About Me

Wednesday, November 3, 2010

Trust Me

One thing that has never come easily to me is trust.  Trusting people with my personal information, trusting people to follow through.  I would rather just not give them the chance to let me down, to disappoint.  But trust has managed to weasel its way into nearly every important element of our lives.  Even the one-dollar bill says In God We Trust.  The value of money itself is based in trust.  We don’t have gold reserves anymore.  Just think about capitalism… it’s trust.  Trust in those we don’t even know, those who don’t know us.  But society wouldn’t function without it.
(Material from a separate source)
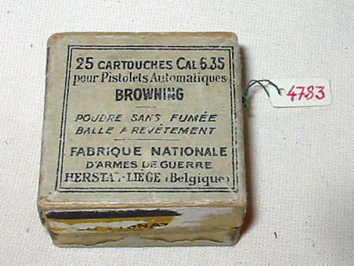 Ask för 25 kulpatroner (nr 4781) kal. 6,35, till pistol nr 4777 "ACP Pistolet Browning Cal. 6.35Triple surete", m: 1906, Vestpocket Browning, Fabrique National, Herstal.

I arrived at this rant about trust because of a current debate I’ve been following in microfinance.  SKS, now India’s largest MFI, announced an initial public offering  just over three months ago.  Compartamos, an MFI in Mexico, has been publicly traded for years, but this is still a big step, and possibly an indication of where the microfinance industry is headed.  From what I’ve gathered it boils down to a couple main points of contention: Does commercialized microfinance imply exploitation and/or mission drift?
The benefits of being an aggressively for-profit MFI are evident: SKS reports an annual compound growth rate of 165% since 2004.  That represents millions of poor people who now have access to financial services, and women who have been empowered.  Furthermore, because SKS has reached such a large scale, they have been able to utilize their unique distribution channels to strike special deals with other for-profit companies to offer products such as cell phones, water purifiers, and sanitary pads to the poor at drastically lower prices.  Things they wouldn’t otherwise have access to; things I take for granted every day.
So what’s all the fuss about?  Microfinance is about helping the poor help themselves, giving them access to capital, formal savings products, life insurance, things ordinary banks have denied them for centuries.  Its mission is based solely around the best interest of the borrower, the client, the poor.  With commercialization, new major players are introduced: stakeholders (and not just the clients themselves as in Grameen Bank).  Profits no longer solely go back to the borrowers, but out to other stakeholders.  Is this pushing the industry towards loan sharking and profiteering?  Will short-term investor needs overshadow long-term strategy and dedication to the needs of the poor?
Thus far, I say no.  Going public has helped SKS achieve significantly greater outreach, better and more diversified products and services, and they are now under the ever-critical public eye.  Governance must be more transparent.  But once again it’s a matter of trust.  SKS is an extremely powerful institution that could easily, I mean easily, exploit the poor.  In a big way.  So do we say it’s not worth the risk?  Or do we trust them, and ourselves, to put the right people in charge and stay true to microfinance’s mission so that this life-changing industry can continue to grow? 
It’s not an easy decision.  Trust me.            

1 comment:

  1. The sooner MFIs are seen as profit enterprises, the better. The longer they pretend they are pro-poor, the longer they discredit the NGO sector that gave birth to a Frankenstein. By 2014, they target to reach 110 million borrowers. Remarkably, despite two decades of operations, if statistics are to be believed, these MFIs currently reach just 20 million people in the country, a good proportionate of them, multiple counted. Yet, they succeed in gaining an attention, so disproportionate to this minuscule reach. Act now to prevent them from becoming an epidemic scourge in the country. Act now, when they are most vulnerable. And how do we know they are vulnerable? Because Vijay Mahajan, the father of MFIs in India tells us so:

    “We are facing collapse. Unless something changes on the ground, the industry as we know it is basically gone.”

    Mahajan, we have news for you. The day when the likes of you are gone, that will be the turning point for the fight against poverty!

    What’s wrong with Micro-finance Institutions? Practically everything as the case of SKS illustrates.